Most people are not fond of sparrows. They are plain; they are common; and they are nuisances. It is just that dislike that makes the other references to sparrows significant.
“Yea, the sparrow hath found an house, and the swallow a nest for herself, where she may lay her young, even thine altars, O LORD of hosts, my King, and my God.” (Ps 84:3) Some say sparrows will build their nests anywhere, and that may be true. One of the places they built nests was the Temple. This psalmist, possibly someone taken to Babylon in the first deportation, longs to be able to go to God’s house. Why, even the sparrows can lodge there, but he cannot see it. “A day in thy courts is better than a thousand” elsewhere. (v. 10) Even the lowly sparrow is allowed many days in those courts. If a sparrow, why not me? If God allows a sparrow to dwell in his presence, how much more should I want to dwell there! I am better than a sparrow.

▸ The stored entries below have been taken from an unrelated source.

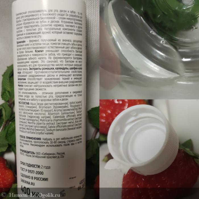 - Ополаскиватель для полости рта освежающий со вкусом клубники и ментола.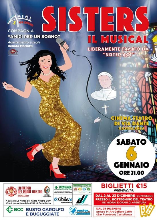 Alle ore 21, poi, presso il Teatro di via Dante verrà proposto il musical Sisters portato in scena dalla Compagnia teatrale Amici per un sogno di Gravellona Toce. Il musical, liberamente tratto da “Sister Act” con l’adattamento e la regia di Renata Mariotti, è presentato da La Mensa del Padre Nostro.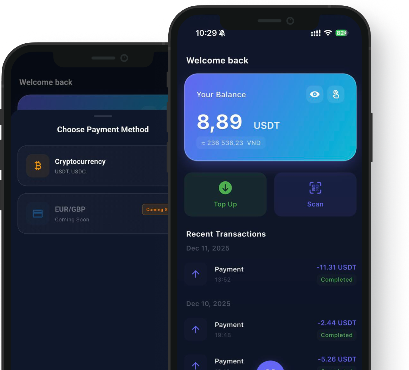 Add USDT to your balance in seconds. More networks soon.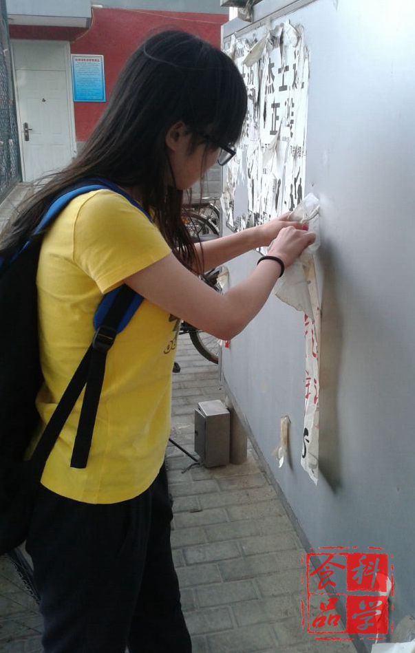 活动过程中,大家认真对待,即使有的小广告粘性很大不好清理。大家也不放弃,坚持撕下每一张小广告,努力把负责区域的小广告清理的干干净净。一双双辛勤的手,换来了北农校园更加整洁温馨的生活环境。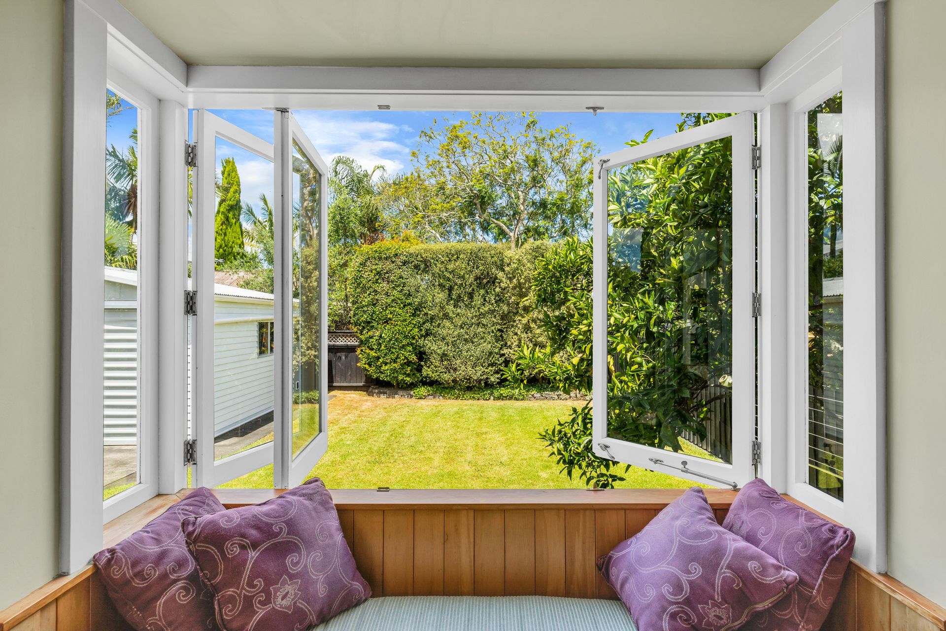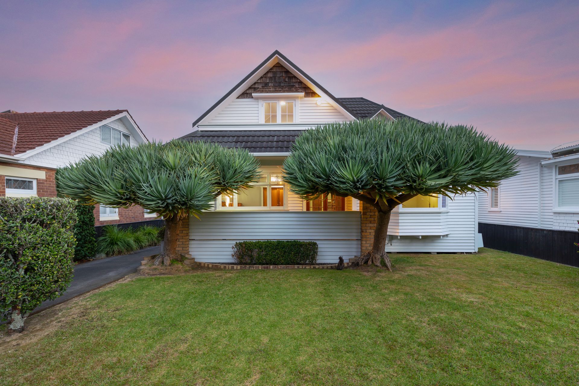 The home is super charming from the street, set behind a white picket fence and established plantings for privacy, on a very flat manicured section with plenty of room for the boat, the vehicles and the stand-up paddleboards thanks to secure off street parking as well as double garaging.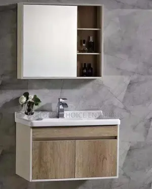 The Cabinet Basin With Mirror (Wooden is a stylish wash hand basin or vanity unit combining a premium ceramic basin with a storage cabinet, LED illuminated mirror, and tap fittings for a complete, modern bathroom solution. Crafted from high-quality vitreous china and moisture-resistant cabinet board, it provides durable, elegant basin storage that transforms any bathroom into a luxury space. Available in a range of sizes and finishes including white, grey marble, stone, and black to complement any bathroom décor. Order today.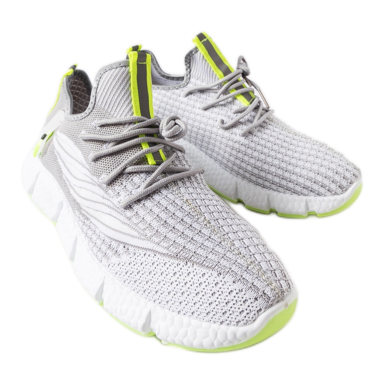 Die runde Spitze setzt einen einzigartigen optischen Akzent und macht das Schuhwerk nicht nur funktional, sondern auch ästhetisch. Das graue Obermaterial bildet in Kombination mit der grünen Sohle ein harmonisches Ganzes und der weiße Zusatz unterstreicht den modernen Charakter der Schuhe. Das Obermaterial und der Einsatz aus Stoff sorgen für Komfort und Atmungsaktivität, was sie zu einer idealen Wahl für viele Gelegenheiten macht.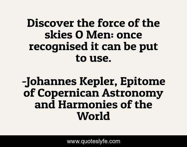 "Johannes Kepler, Epitome of Copernican Astronomy and Harmonies of the World Quotes." Quoteslyfe.com, 2025. Sun. 07 Dec. 2025. <https://www.quoteslyfe.com/quote/Discover-the-force-of-the-skies-O-41919>.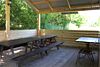 В беседке могут разместиться до пятнадцати человек. Внутри есть электричество и освещение, что позволяет пользоваться ею в течение всего дня. Рядом с беседкой установлен мангал, который дает возможность готовить еду на свежем воздухе.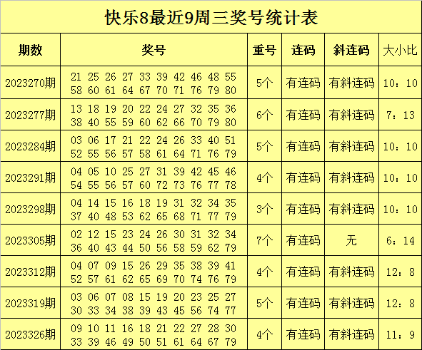 安仔最近9周三快乐8奖号分析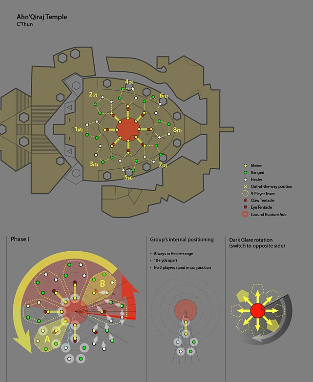 When first entering C'thun's chamber, the best strategy is to shield a player with high nature resist and have him enter the room ahead of the rest of the raid. This will cause the first few eye beams (described below) to hit the player with high nature resist, giving the rest of the raid a chance to get into position. A hunter is the ideal candidate for this, with their +60 Nature Resist from their aura and their ability to feign death and then put on normal gear. If the raid enters the room at the same time it is likely that a large portion will die from a chained eye beam.

It is that last statement that is the point of the remaining two passages about sparrows: Matt 10:29-31 and Lk 12:6-7. On possibly two different occasions Jesus talks about how little we need to fear. His point is that if God takes care of sparrows, how much more he takes care of us, because we are more valuable than the sparrows. In Matthew he says two sparrows sold for a small amount. Luke records that five sparrows sold for twice that amount. That means that one sparrow gets tossed in for nothing. If God takes notice of even that sparrow that is thrown in for free, why should we worry? Why should we fear? Sparrows are virtually valueless. The value placed on a person, though, is the blood of the Son of God.
In the “Pirates of the Caribbean” movies, the ne’er-do-well pirate captain is named Jack Sparrow. If Cap’n Jack Sparrow were a real person, God would take care of even him, because God values even a Sparrow.